It's cold in Johnstown again. Blah. I guess it could be worse, right? At least I didn't awake to 3 inches of snow.
It's Easter. It's been a few years since I bothered with baskets - not like I need the huge wad of candy sitting around the house.
I wish we could somehow find the enthusiasm we once had for Easter and Christmas - the child-like enthusiasm. Instead, the typical Easter celebration just makes me want to cry. We did have a nice dinner, but just looking around the jammed tables not only was it odd to be at the 'adult' table in my family, but I also realized how not like that part of my family I am. It's funny how just an aunt away makes so much difference. Her kids have kids that are teenagers or older - and the girls are just so darn thin and cute. Hell one was even a hooter's girl. They all seemed so happy. It made me want to yack - and yes I fought back tears of self-loathing a few times during dinner.
No hard feelings to them at all, but again I've realized it's going to be a very long time before holidays are enjoyed. Happiness at the holidays to me means family, but this wasn't the type of family that does it... it's a family I can call my own, even if it doesn't involve children.
I know, I know... I keep waffling between wanting to find Mr. Forever and just seeing what is out there in this great big world.

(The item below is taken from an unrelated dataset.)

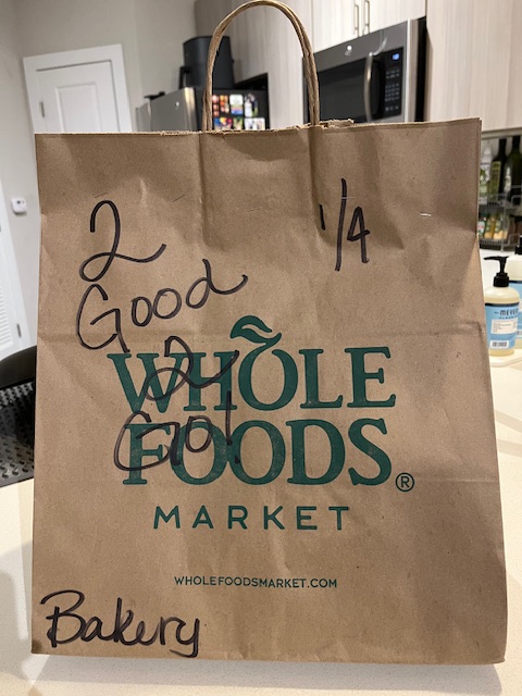 Too Good To Go partners with food businesses to offer bags of food that are still perfectly good to eat but because of sell-by dating cannot be sold in stores or restaurants the next day. Here’s an example of how it works: I’ll get a notification during the day that Whole Foods will have some bags from their bakery available that evening. I click on the TGTG app, reserve a bag and pay for it, and then Brett and I go pick it up in the evening. We never know what we’re going to get but every bakery bag we’ve bought so far has always contained high quality items, ones that are either at their sell-by date or the day after. I’m keeping my fingers crossed for a whole (even a half!) pie from the bakery one of these days, but so far we’ve gotten bagels, cookies, brownies, turnovers, scones, muffins, coffee cake, and other great bakery items. The value of every bag or box we’ve purchased has been worth at least three times what we’ve paid for it.

Maybe it's just the fear and the harsh awareness that there isn't much out there around Johnstown.
These thoughts of course also allowed me to ponder further the behaviors of guys who are very nice and gentle by nature who feel the need to put on the face of someone else when they're out in the world. What makes someone who comes from a town with 'Upper' in the name claim they were trailor trash? Why does someone choose to be a smart ass goon in front of people when they're a softspoken gentle creature one-on-one? So do you know the person they are acting to be or the person? Do they have anything in common?